My reading on the subject (no pun intended) shows that the text has to be in the form
=?<charset>?<encoding>?<encoded text>?=
eg
=?windows-1255?Q?=E0=E1?=
I have taken encoded subject lines from letters which were sent to me in Hebrew with UTF-8B encoding and decoded them successfully on this website, www.webatic.com/run/convert/base64.php. I have also used this website to encode simple letters and have noticed that the return encoding is not the same as the result which I get from a Delphi algorithm.
So - I am looking for an algorithm which successfully encodes letters such as aleph (ord=224), bet (ord=225), etc. According to the website, the string composed of the two letters aleph and bet returns the code 15DXkq==, but the basic Delphi algorithm returns Ue4 and the TIdEncoderQuotedPrintable component returns =E0=E1 (which is the ISO-8859 encoding).

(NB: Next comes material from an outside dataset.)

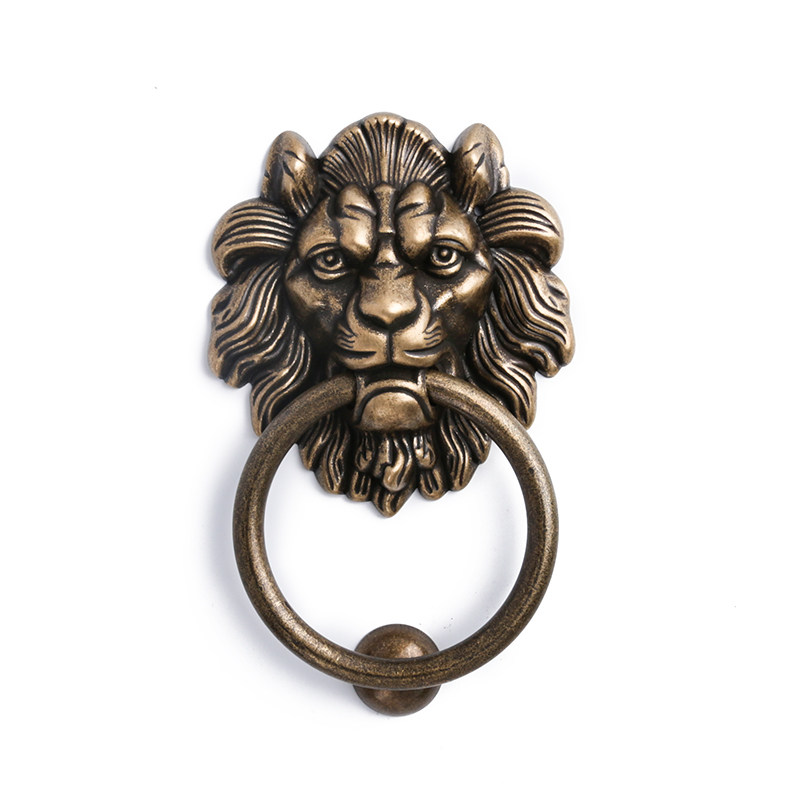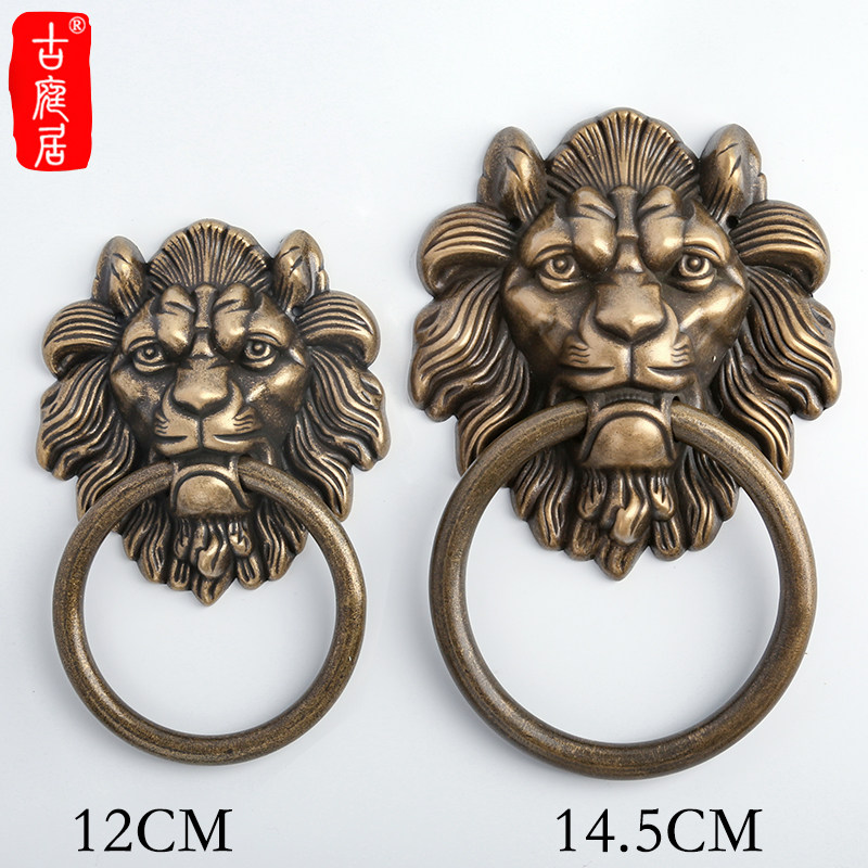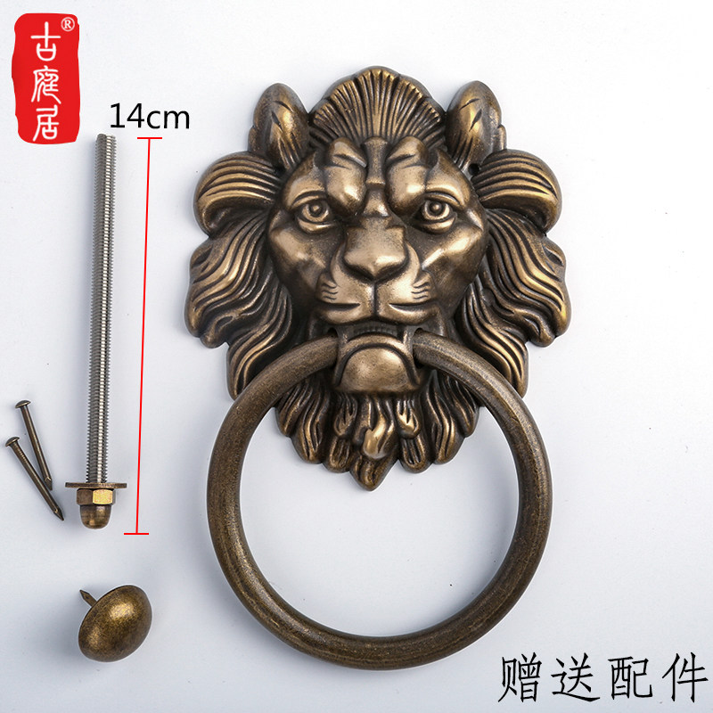 Old solid wood gate ring beast head bronze handle ancient built villa outdoor lion head pull ring handle antique door decoration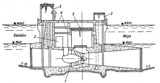 ПЭС вырабатывают электрическую энергию за счет использования потенциальной энергии приливов и отливов моря. Величина прилива (в результате притяжения Луны) в разных местах Земли неодинакова: у берегов Америки она составляет 21 м, у берегов Франции и Англии – порядка 15 м, у берегов России – 8–11 м на Белом и Охотском морях. Установлено, что использовать энергию приливов целесообразно уже при 3–4 м высоты прилива.

Edit (after several comments):
I asked a friend to send me an email from her Mac computer, which unsurprisingly uses UTF-8 encoding (as opposed to Windows-1255). The subject was one letter, aleph, ord 224. The encoded subject appeared in the email's header as follows
=?UTF-8?B?15A=?=
This can be separated into three parts: the 'prefix' (=?UTF-8?B?) which means that UTF-8 with base64 encoding is being used; the 'payload' (15A=), which the web site which I quoted translates this correctly as the letter aleph; and the suffix (?=).
I need an algorithm to translate an arbitrary string of letters, most of which will be in Hebrew (and thus with ord >= 224) into base64/utf-8; a correct solution is one that decodes correctly on the web site quoted.
UTF8Encode(I think). And then pass through a base 64 encoder. There's one in the EncdDecd unit.